Duvvuri Subbarao, a former governor of the Reserve Bank of India and the man who was at the helm of the central bank during the Global Financial Crisis and the Taper Tantrum of 2013, said it would be different this time.
Speaking exclusively with ETMarkets.com about how the forthcoming Fed taper could impact markets, he said: “There most certainly will be a taper, but there most possibly will not be a tantrum because both sides have learnt since then.”
The Indian equity market shrugged off the Fed announcement and took the benchmark indices to newer heights on Thursday, as investors’ risk appetite hit a new high.
“From the US side, Chairman Powell and other governors have repeatedly emphasised that the Fed is going to be patient and that they are going to telegraph their intentions well in advance. On our side, we have several mitigating factors compared with 2013. It is very unlikely that we will be caught unaware,” the former governor said.
A key positive on India’s side this time is the size of RBI’s foreign exchange portfolio, Subbarao said.
“We have $650 billion of reserves which itself is a formidable war chest… Our current account deficit is quite low. Our fiscal deficit is not low, but it’s also not so large as to cause concerns from the an exchange rate perspective.”
There is no doubt when the US Fed tapers bond purchases, the ripples will be felt through financial markets across the world.

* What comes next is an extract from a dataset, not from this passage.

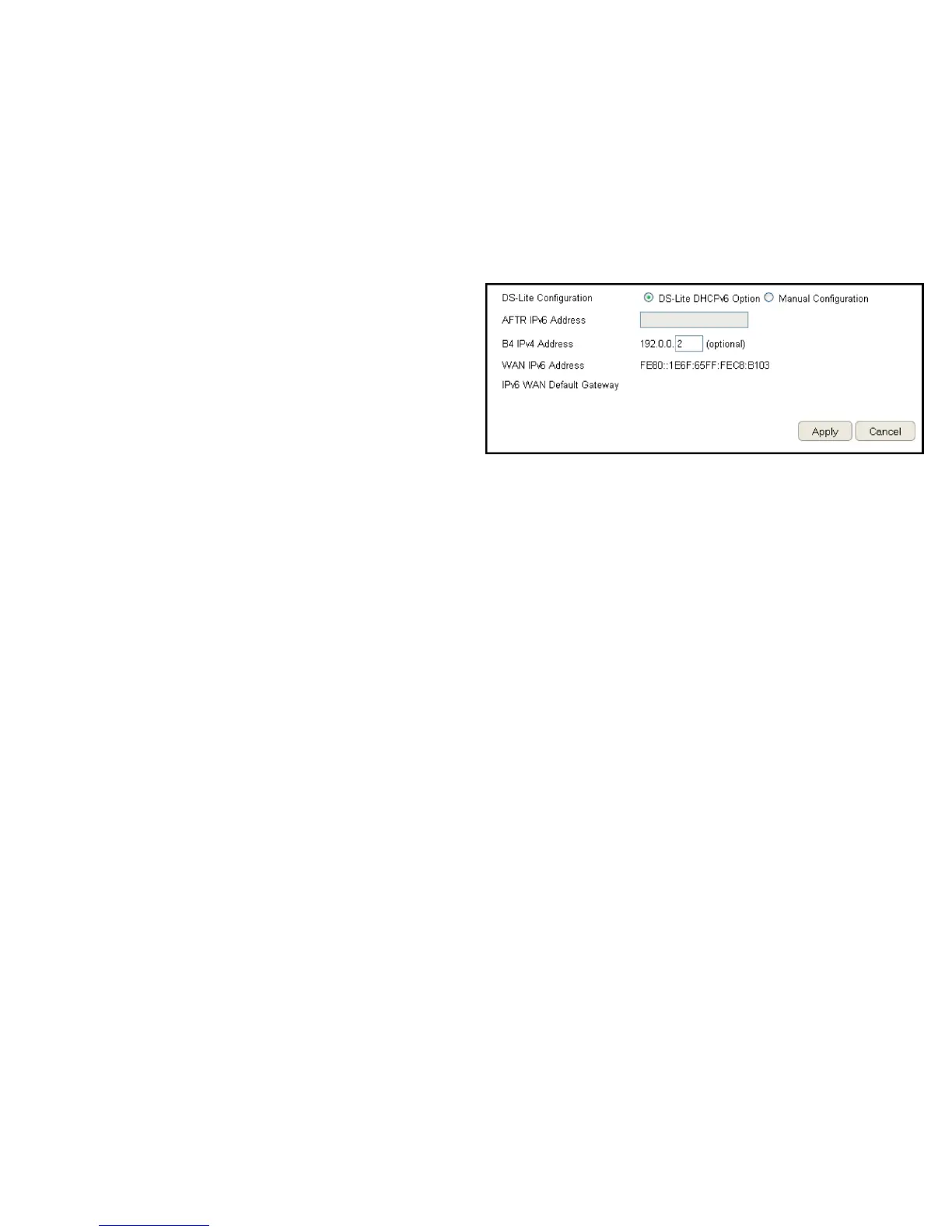 Select DS-Lite DHCPv6 Option or Manual Conguration

But Subbarao, who had experienced tremendous volatility in the domestic currency during his time as RBI Governor, believes the country is on a very different footing now than the time when the country was clubbed in the infamous grouping of the ‘Fragile Five’ in the late 2000s.
“Most importantly, I think there is not much pressure building up in the exchange rate unlike in 2013,” the former governor said.
The world over, the most important question for financial markets is when the US Fed will normalise monetary policy and step back from the largesse provided during the Covid pandemic.
Subbarao, one of the most formidable experts in Indian macro-economic policy, believes as a country India is now much better prepared to tackle the attendant volatility.
“When the Fed starts tapering, we can expect some capital outflows and consequently some exchange rate volatility. RBI should be able to manage that through appropriate interventions in the market,” he said.
However, Subbarao said central banks in the emerging world need to find smarter ways to manage the risk to the currencies from volatile capital flows, as they are going to be a recurring challenge in a financially globalising world.
“RBI, and indeed all emerging market central banks, are going to find that managing the volatility in their exchange rates caused by volatile capital follows is going to be a recurring challenge in a financially globalising world. They need to hone their skills to manage this non-disruptively,” he said.